─── The records

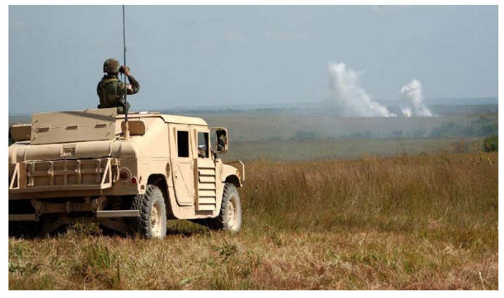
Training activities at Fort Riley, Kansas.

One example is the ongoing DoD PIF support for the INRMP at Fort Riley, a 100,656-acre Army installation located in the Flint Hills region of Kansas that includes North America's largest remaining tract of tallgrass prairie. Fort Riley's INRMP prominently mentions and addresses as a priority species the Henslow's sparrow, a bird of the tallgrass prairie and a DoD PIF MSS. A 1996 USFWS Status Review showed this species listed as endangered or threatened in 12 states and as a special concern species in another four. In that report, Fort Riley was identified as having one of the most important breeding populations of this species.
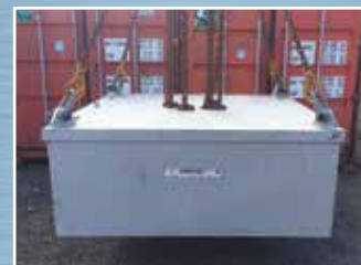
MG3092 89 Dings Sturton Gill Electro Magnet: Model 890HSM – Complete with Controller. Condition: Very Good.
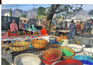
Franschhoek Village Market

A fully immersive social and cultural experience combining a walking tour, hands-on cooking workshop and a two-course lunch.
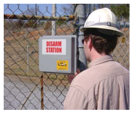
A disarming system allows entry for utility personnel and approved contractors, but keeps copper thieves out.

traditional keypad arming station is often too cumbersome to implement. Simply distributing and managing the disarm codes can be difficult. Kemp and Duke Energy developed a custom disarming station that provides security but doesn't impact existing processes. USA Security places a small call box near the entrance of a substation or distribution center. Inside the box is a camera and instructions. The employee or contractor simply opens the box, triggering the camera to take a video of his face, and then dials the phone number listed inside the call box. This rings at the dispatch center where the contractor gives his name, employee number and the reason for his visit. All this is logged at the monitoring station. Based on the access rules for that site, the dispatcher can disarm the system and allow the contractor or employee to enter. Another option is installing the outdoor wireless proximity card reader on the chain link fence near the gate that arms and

──────

Transcribe all the entries precisely. Do not include any picture.

Training activities at Fort Riley, Kansas.

One example is the ongoing DoD PIF support for the INRMP at Fort Riley, a 100,656-acre Army installation located in the Flint Hills region of Kansas that includes North America's largest remaining tract of tallgrass prairie. Fort Riley's INRMP prominently mentions and addresses as a priority species the Henslow's sparrow, a bird of the tallgrass prairie and a DoD PIF MSS. A 1996 USFWS Status Review showed this species listed as endangered or threatened in 12 states and as a special concern species in another four. In that report, Fort Riley was identified as having one of the most important breeding populations of this species.
MG3092 89 Dings Sturton Gill Electro Magnet: Model 890HSM – Complete with Controller. Condition: Very Good.
Franschhoek Village Market

A fully immersive social and cultural experience combining a walking tour, hands-on cooking workshop and a two-course lunch.
A disarming system allows entry for utility personnel and approved contractors, but keeps copper thieves out.

traditional keypad arming station is often too cumbersome to implement. Simply distributing and managing the disarm codes can be difficult. Kemp and Duke Energy developed a custom disarming station that provides security but doesn't impact existing processes. USA Security places a small call box near the entrance of a substation or distribution center. Inside the box is a camera and instructions. The employee or contractor simply opens the box, triggering the camera to take a video of his face, and then dials the phone number listed inside the call box. This rings at the dispatch center where the contractor gives his name, employee number and the reason for his visit. All this is logged at the monitoring station. Based on the access rules for that site, the dispatcher can disarm the system and allow the contractor or employee to enter. Another option is installing the outdoor wireless proximity card reader on the chain link fence near the gate that arms and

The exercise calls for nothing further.